• [Data extract]:
* * *
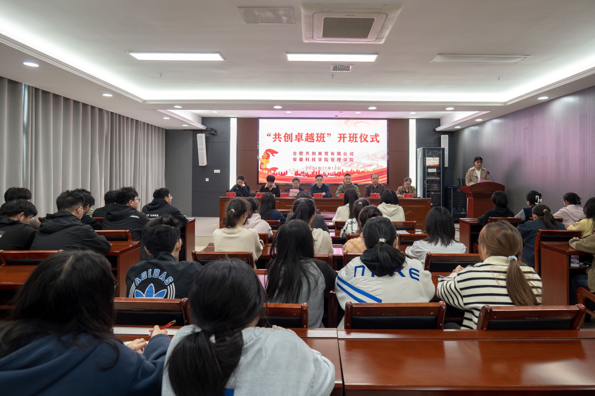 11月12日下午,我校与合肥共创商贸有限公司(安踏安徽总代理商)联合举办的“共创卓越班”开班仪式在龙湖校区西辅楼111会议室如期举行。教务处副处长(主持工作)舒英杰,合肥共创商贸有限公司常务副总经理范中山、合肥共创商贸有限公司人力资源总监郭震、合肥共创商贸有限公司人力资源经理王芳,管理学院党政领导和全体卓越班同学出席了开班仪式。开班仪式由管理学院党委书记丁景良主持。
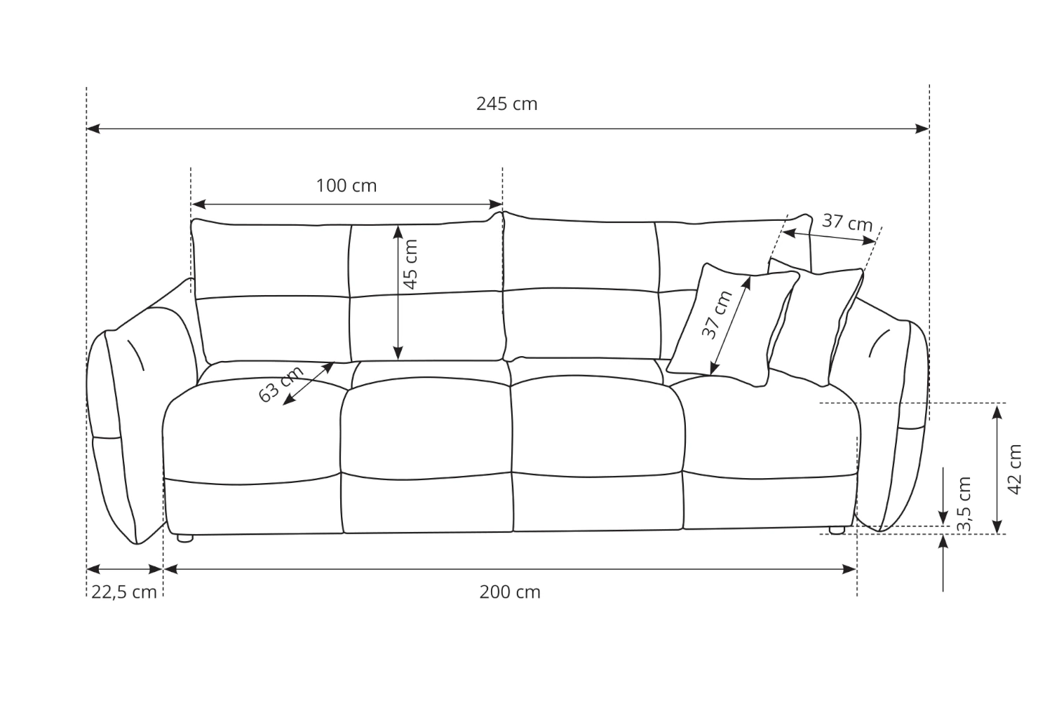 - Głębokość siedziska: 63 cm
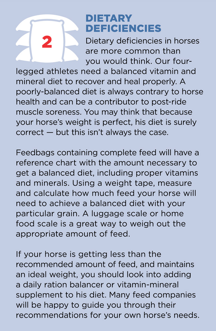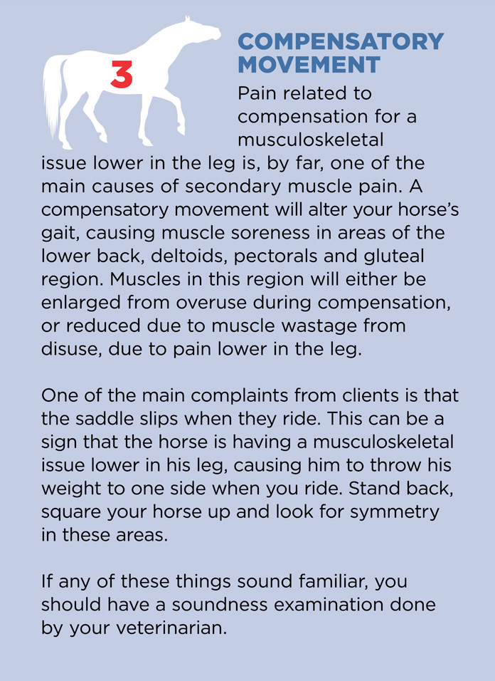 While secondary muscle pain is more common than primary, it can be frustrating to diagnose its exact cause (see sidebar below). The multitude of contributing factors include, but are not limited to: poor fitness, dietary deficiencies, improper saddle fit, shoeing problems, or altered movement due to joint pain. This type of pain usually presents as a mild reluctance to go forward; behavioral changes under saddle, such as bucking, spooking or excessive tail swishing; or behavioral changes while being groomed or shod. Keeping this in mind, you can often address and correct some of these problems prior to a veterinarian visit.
* * *
Restate word for word, and only, the lines from the line that contains "- Głębokość siedziska: 63 cm" through the end of the data, both included; pictures are not part of the copy.

 - Głębokość siedziska: 63 cm
 While secondary muscle pain is more common than primary, it can be frustrating to diagnose its exact cause (see sidebar below). The multitude of contributing factors include, but are not limited to: poor fitness, dietary deficiencies, improper saddle fit, shoeing problems, or altered movement due to joint pain. This type of pain usually presents as a mild reluctance to go forward; behavioral changes under saddle, such as bucking, spooking or excessive tail swishing; or behavioral changes while being groomed or shod. Keeping this in mind, you can often address and correct some of these problems prior to a veterinarian visit.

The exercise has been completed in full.